#### RECORDED DATA
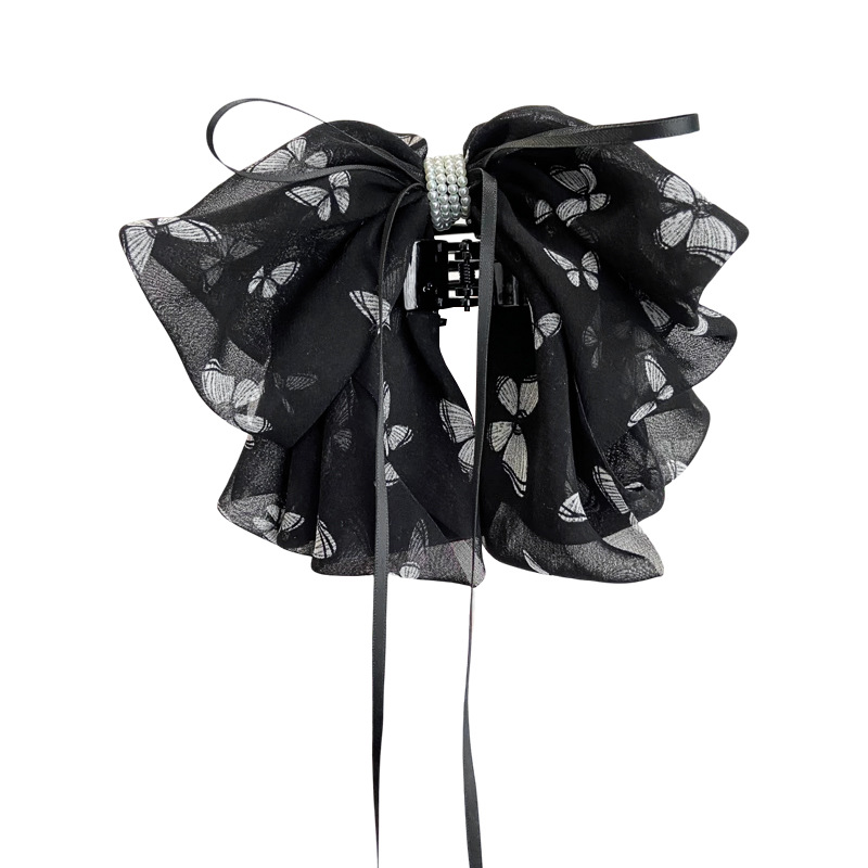蝴蝶印花黑色雪纺抓夹气质马尾抓夹后脑勺显脸小夹子外出百搭头饰
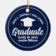 Este marinho moderno, azul e branco, Enfeites de natal de formando personalizado, apresenta seu nome de segundo grau ou de faculdade para a classe 2025. Personalize com o seu ano de graduação com o ousado roteiro manuscrito e formando o boné de um dom de graduação personalizado de excelente. Adicione sua foto de mais velho no verso. Uma manutenção comemorativa moderna para a classe mais velho.
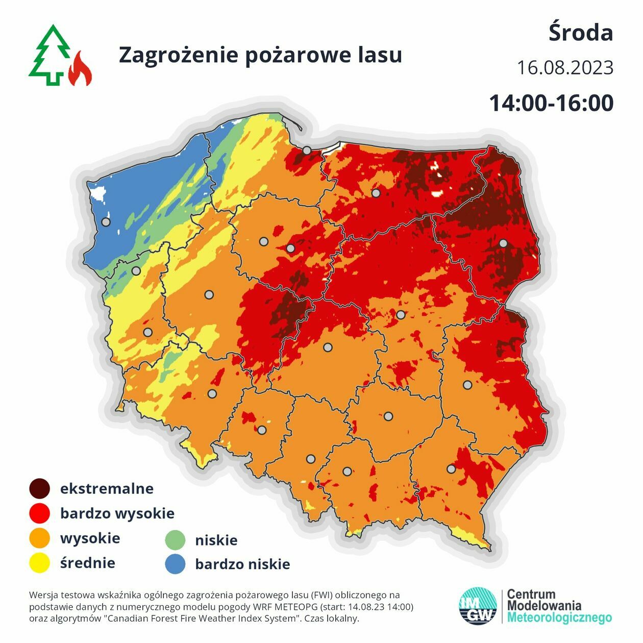 Przez najbliższe dni upały nie ustąpią. W naszym regionie spodziewana temp. to 30 - 34 °C. Z uwagi na wysokie temperatury i brak deszczu szybko wzrasta zagrożenie pożarowe w lasach. Według prognozy na jutro na wschodzie oraz w centrum kraju zagrożenie pożarowe będzie bardzo, a miejscami nawet ekstremalnie, wysokie.
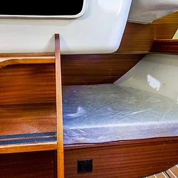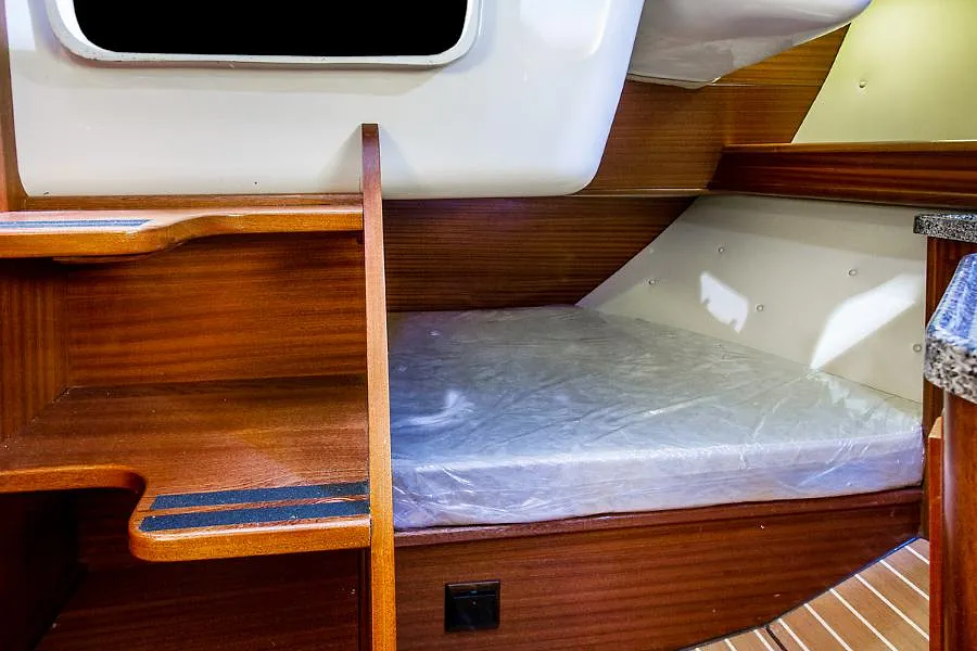 - Kabina dziobowa oddzielona grubą, przesuwną kurtyną, kambuz: zlew, kuchenka 2-palnikowa, butla z gazem (3kg), zastawa, sztućce, garnki, patelnia, czajnik, deska do krojenia, durszlak, środki ratunkowe, zestaw narzędziowy, siatka na relingi ( na życzenie), instalacja elektryczna i wodna, kompleksowe ubezpieczenie
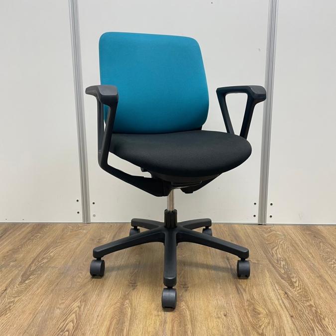 イトーキ製 トルテシリーズ ストロングブルーxブラックのツートンカラー ループ肘※固定肘 肘付きローバックチェア!!サーキュラーバリューCO2削減量の算出について
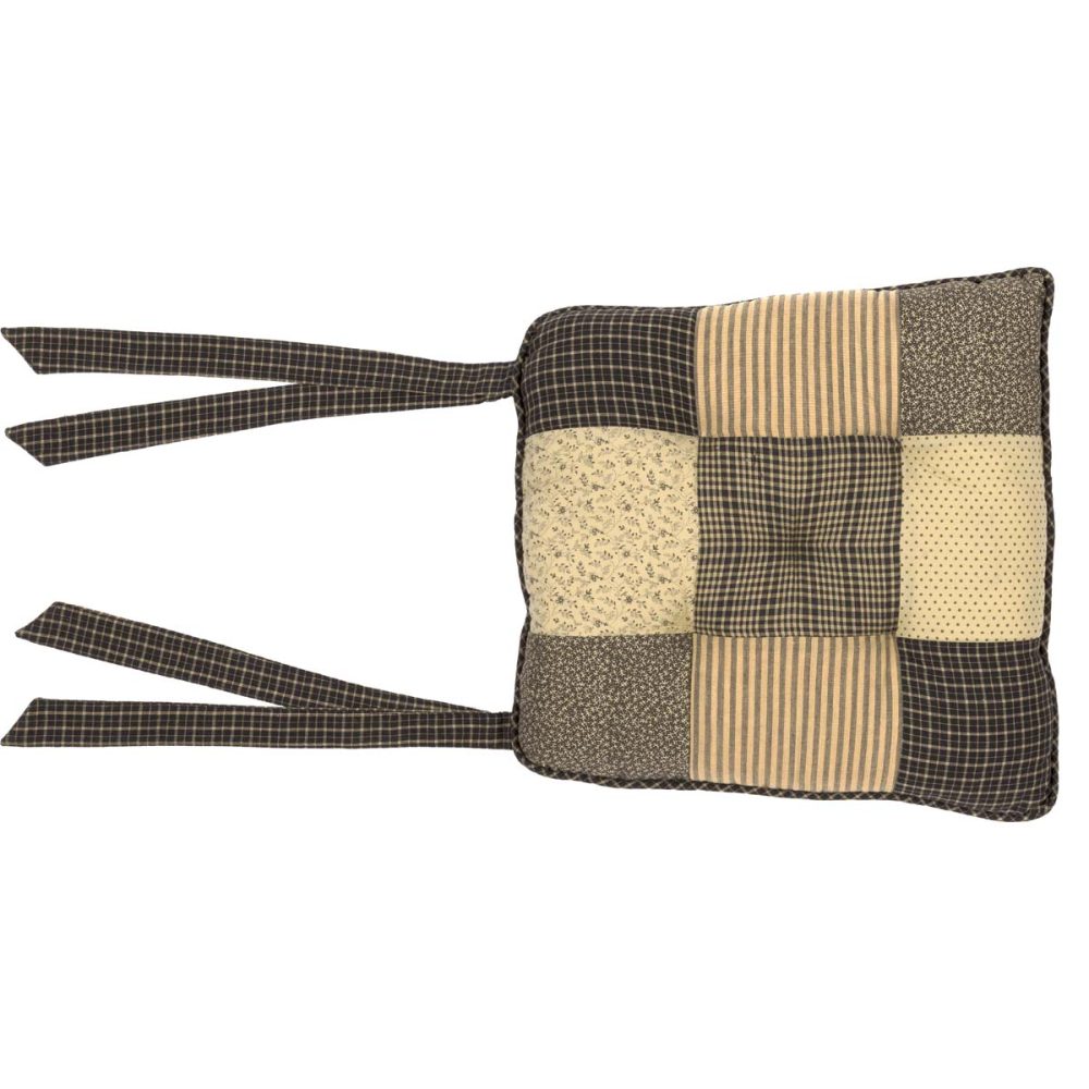 - COUNTRY PATCHWORK: A traditional ninepatch design in a mix of vintage patterns in neutral khaki, black and creme tones, along with a cozy, tufted appearance and comfortable feel make this primitive country chair pad the perfect finishing touch for country farmhouse decor.
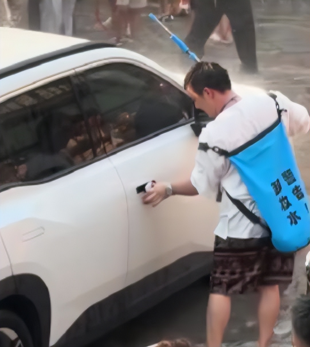 他们对泼水节没概念,不知道要提前锁车门,结果车子被人群团团围住,还有一个背着黄包的男人从后面拉后备箱,一个背着蓝包的男人尝试拉副驾驶的门。
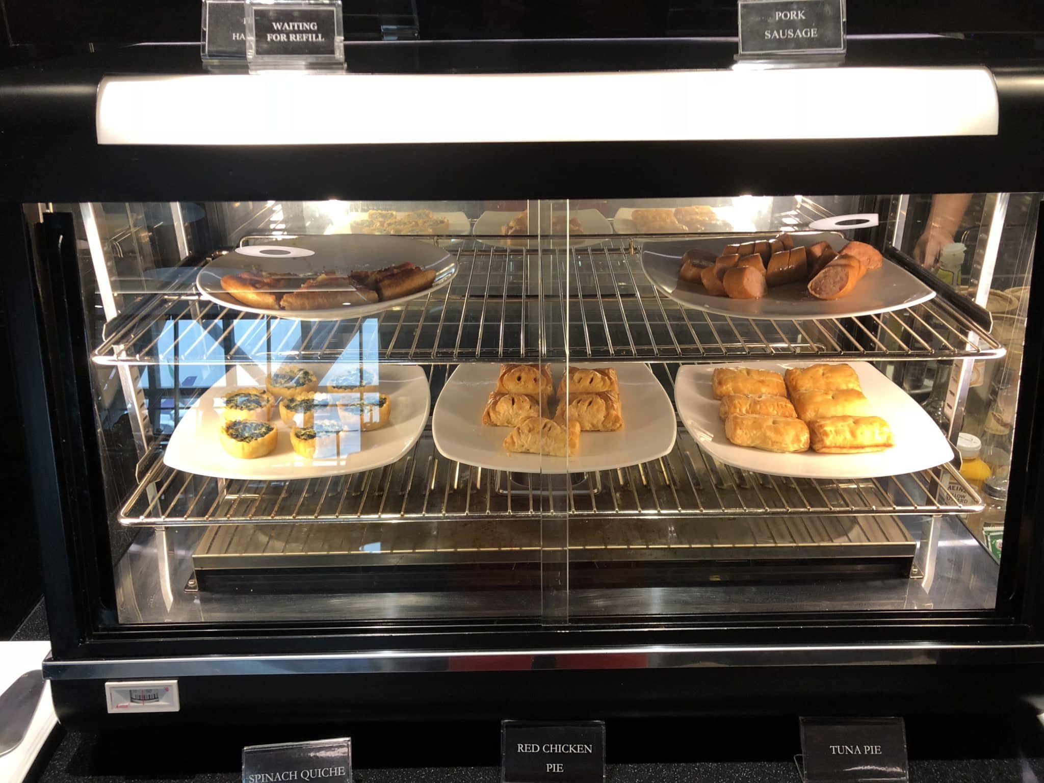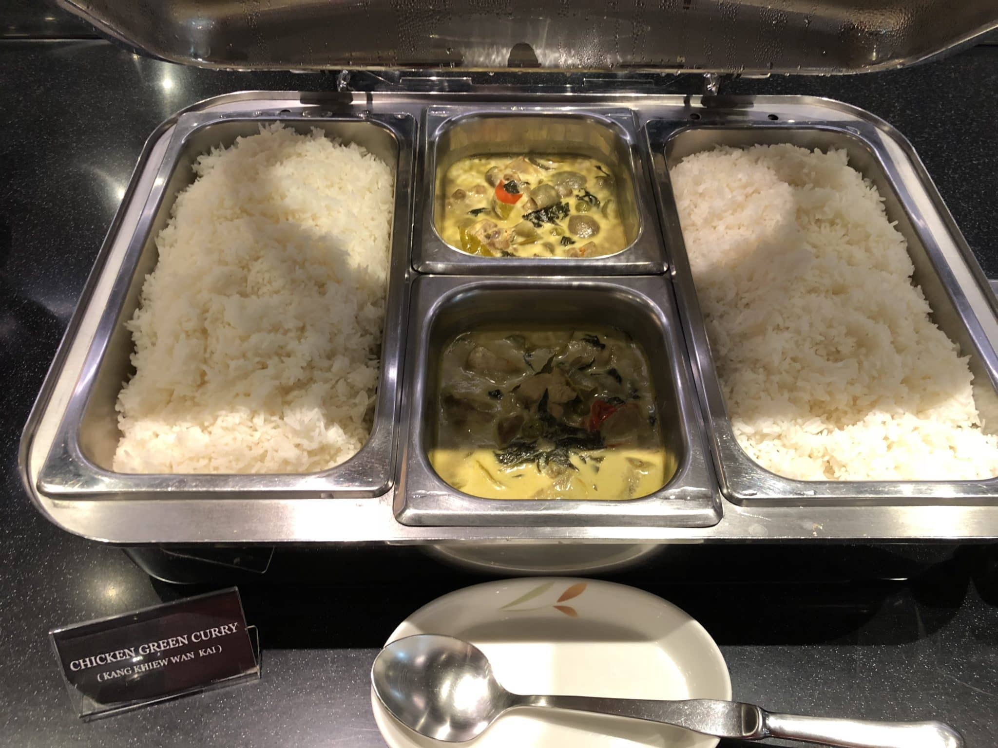 Die Auswahl an Essen war wirklich klasse. Hier wurde jeder Wunsch erfüllt. Wir waren gegen 9:30 Uhr in der Lounge und da gab es zwar kein echtes Frühstück mehr, aber alles andere, wie z.B. Pizza, Nudelsuppe, Kuchen, Früchte, warme Speisen, Magnum Eis, Sandwiches, Salat, Dim Sum, und noch einiges mehr. Es waren auch immer zwei Personen damit beschäftigt die große Auswahl an Essen wieder herzurichten, oder nachzuliefern. Die Lounge macht auch einen sauberen Eindruck. Es hatte den Anschein, sobald etwas auf dem Tisch stand, sei es ein leeres Glas, oder ein leerer Teller, war sofort jemand da, der diesen weggeräumt hat. Wie man es nicht anders aus Thailand kennt, schmeckte das Essen sehr gut. Hier ein paar Eindrücke von Essen und Getränken:

#### PROBLEM STATEMENT
A faithful copy of all the data above, without its pictures, is the expected result.

#### TASK SOLUTION
蝴蝶印花黑色雪纺抓夹气质马尾抓夹后脑勺显脸小夹子外出百搭头饰
 Este marinho moderno, azul e branco, Enfeites de natal de formando personalizado, apresenta seu nome de segundo grau ou de faculdade para a classe 2025. Personalize com o seu ano de graduação com o ousado roteiro manuscrito e formando o boné de um dom de graduação personalizado de excelente. Adicione sua foto de mais velho no verso. Uma manutenção comemorativa moderna para a classe mais velho.
 Przez najbliższe dni upały nie ustąpią. W naszym regionie spodziewana temp. to 30 - 34 °C. Z uwagi na wysokie temperatury i brak deszczu szybko wzrasta zagrożenie pożarowe w lasach. Według prognozy na jutro na wschodzie oraz w centrum kraju zagrożenie pożarowe będzie bardzo, a miejscami nawet ekstremalnie, wysokie.
 - Kabina dziobowa oddzielona grubą, przesuwną kurtyną, kambuz: zlew, kuchenka 2-palnikowa, butla z gazem (3kg), zastawa, sztućce, garnki, patelnia, czajnik, deska do krojenia, durszlak, środki ratunkowe, zestaw narzędziowy, siatka na relingi ( na życzenie), instalacja elektryczna i wodna, kompleksowe ubezpieczenie
 イトーキ製 トルテシリーズ ストロングブルーxブラックのツートンカラー ループ肘※固定肘 肘付きローバックチェア!!サーキュラーバリューCO2削減量の算出について
 - COUNTRY PATCHWORK: A traditional ninepatch design in a mix of vintage patterns in neutral khaki, black and creme tones, along with a cozy, tufted appearance and comfortable feel make this primitive country chair pad the perfect finishing touch for country farmhouse decor.
 他们对泼水节没概念,不知道要提前锁车门,结果车子被人群团团围住,还有一个背着黄包的男人从后面拉后备箱,一个背着蓝包的男人尝试拉副驾驶的门。
 Die Auswahl an Essen war wirklich klasse. Hier wurde jeder Wunsch erfüllt. Wir waren gegen 9:30 Uhr in der Lounge und da gab es zwar kein echtes Frühstück mehr, aber alles andere, wie z.B. Pizza, Nudelsuppe, Kuchen, Früchte, warme Speisen, Magnum Eis, Sandwiches, Salat, Dim Sum, und noch einiges mehr. Es waren auch immer zwei Personen damit beschäftigt die große Auswahl an Essen wieder herzurichten, oder nachzuliefern. Die Lounge macht auch einen sauberen Eindruck. Es hatte den Anschein, sobald etwas auf dem Tisch stand, sei es ein leeres Glas, oder ein leerer Teller, war sofort jemand da, der diesen weggeräumt hat. Wie man es nicht anders aus Thailand kennt, schmeckte das Essen sehr gut. Hier ein paar Eindrücke von Essen und Getränken:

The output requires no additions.